╔══

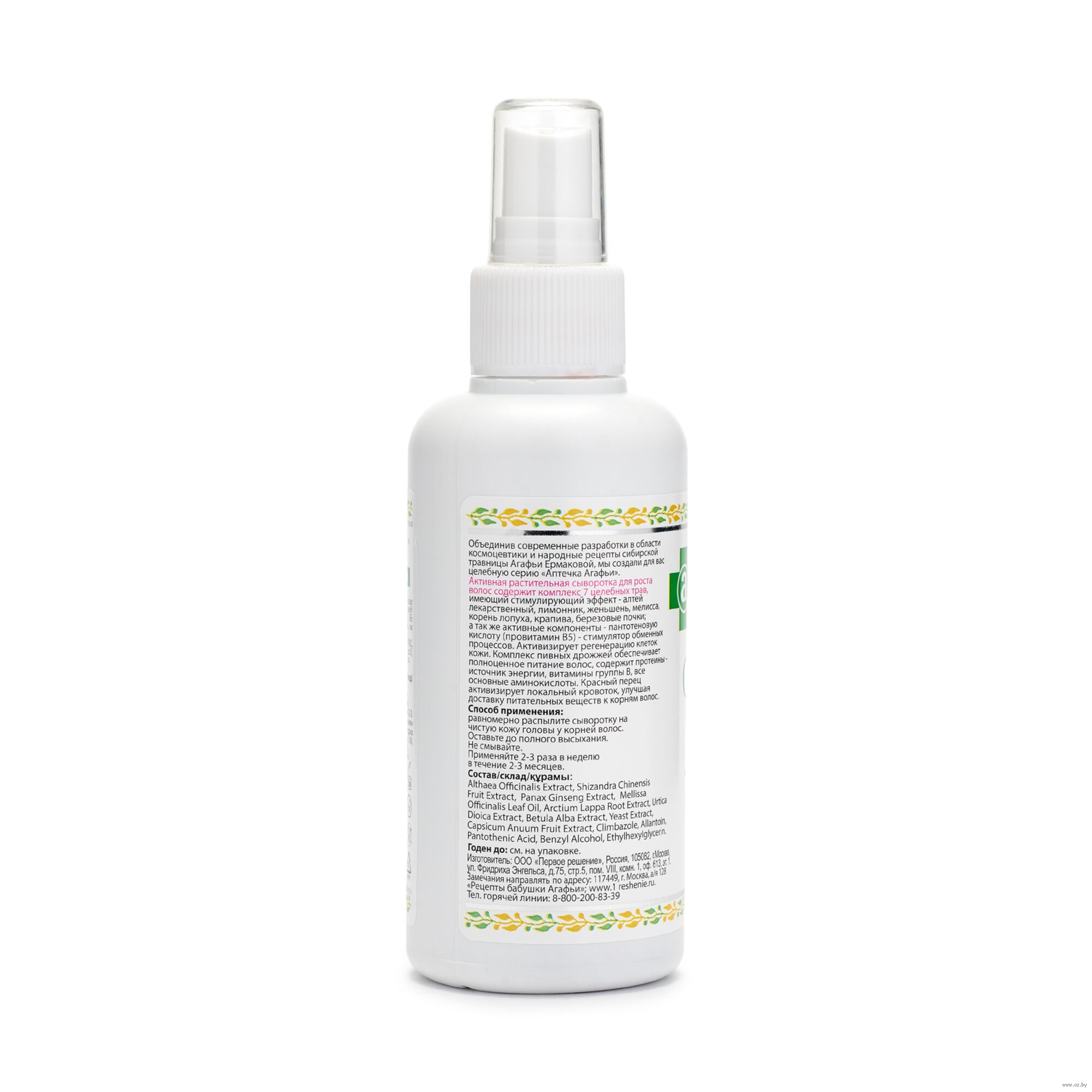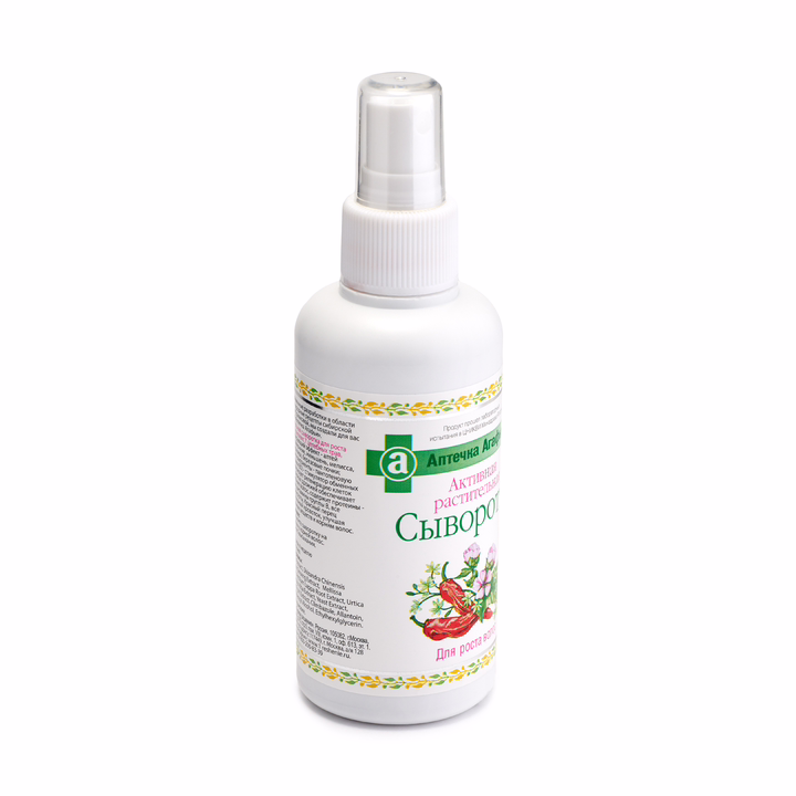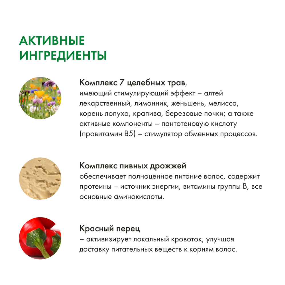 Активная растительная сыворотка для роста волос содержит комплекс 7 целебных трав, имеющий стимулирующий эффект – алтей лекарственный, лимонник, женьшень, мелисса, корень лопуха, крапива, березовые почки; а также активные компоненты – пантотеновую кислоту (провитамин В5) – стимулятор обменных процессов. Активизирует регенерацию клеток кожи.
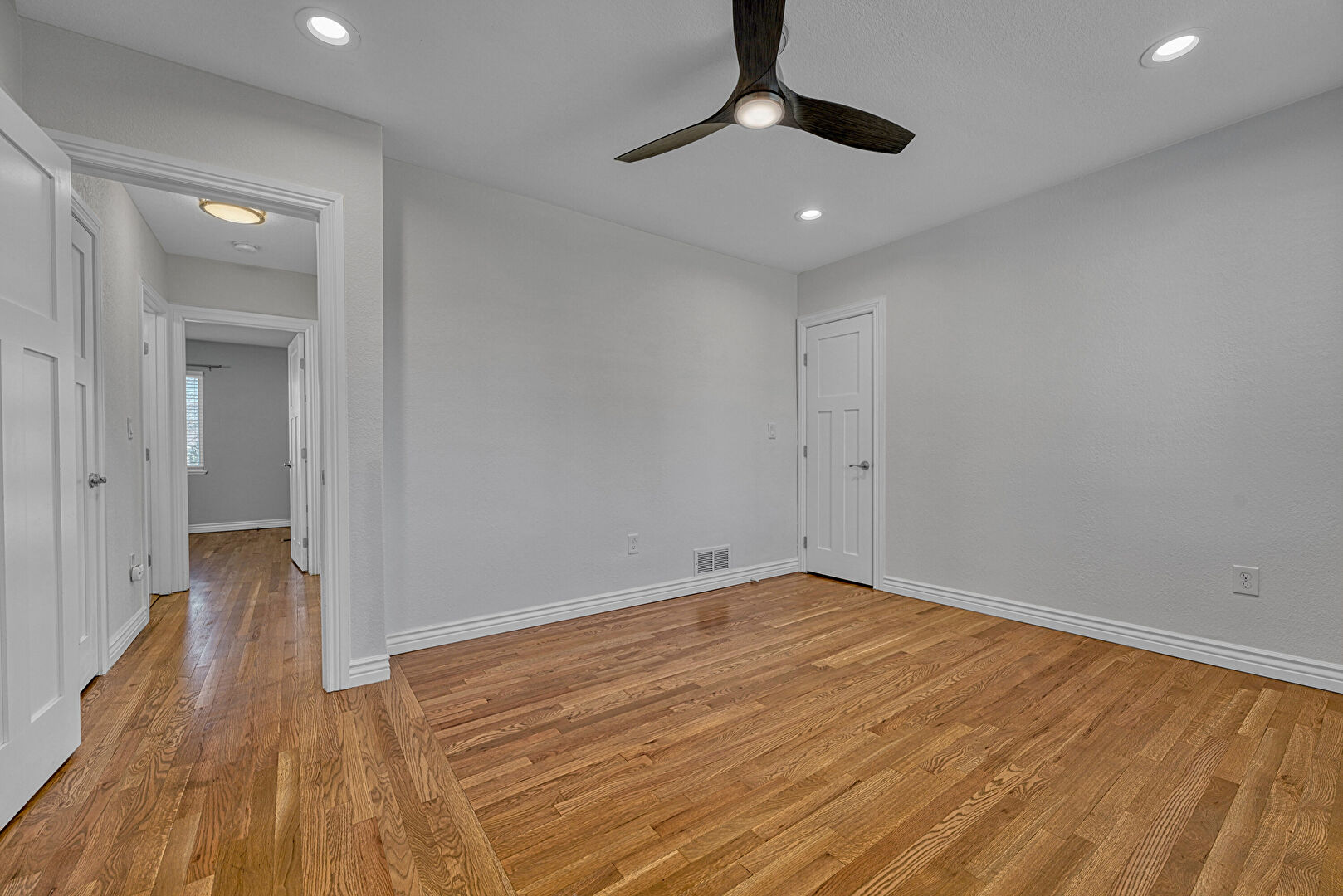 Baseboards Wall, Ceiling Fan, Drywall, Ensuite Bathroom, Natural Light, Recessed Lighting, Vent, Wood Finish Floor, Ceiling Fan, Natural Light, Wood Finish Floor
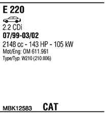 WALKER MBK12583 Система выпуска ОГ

╚══

● **ASSIGNMENT**: Repeat the data word for word, minus any pictures.

● **EXERCISE ANSWER**:
 Активная растительная сыворотка для роста волос содержит комплекс 7 целебных трав, имеющий стимулирующий эффект – алтей лекарственный, лимонник, женьшень, мелисса, корень лопуха, крапива, березовые почки; а также активные компоненты – пантотеновую кислоту (провитамин В5) – стимулятор обменных процессов. Активизирует регенерацию клеток кожи.
 Baseboards Wall, Ceiling Fan, Drywall, Ensuite Bathroom, Natural Light, Recessed Lighting, Vent, Wood Finish Floor, Ceiling Fan, Natural Light, Wood Finish Floor
 WALKER MBK12583 Система выпуска ОГ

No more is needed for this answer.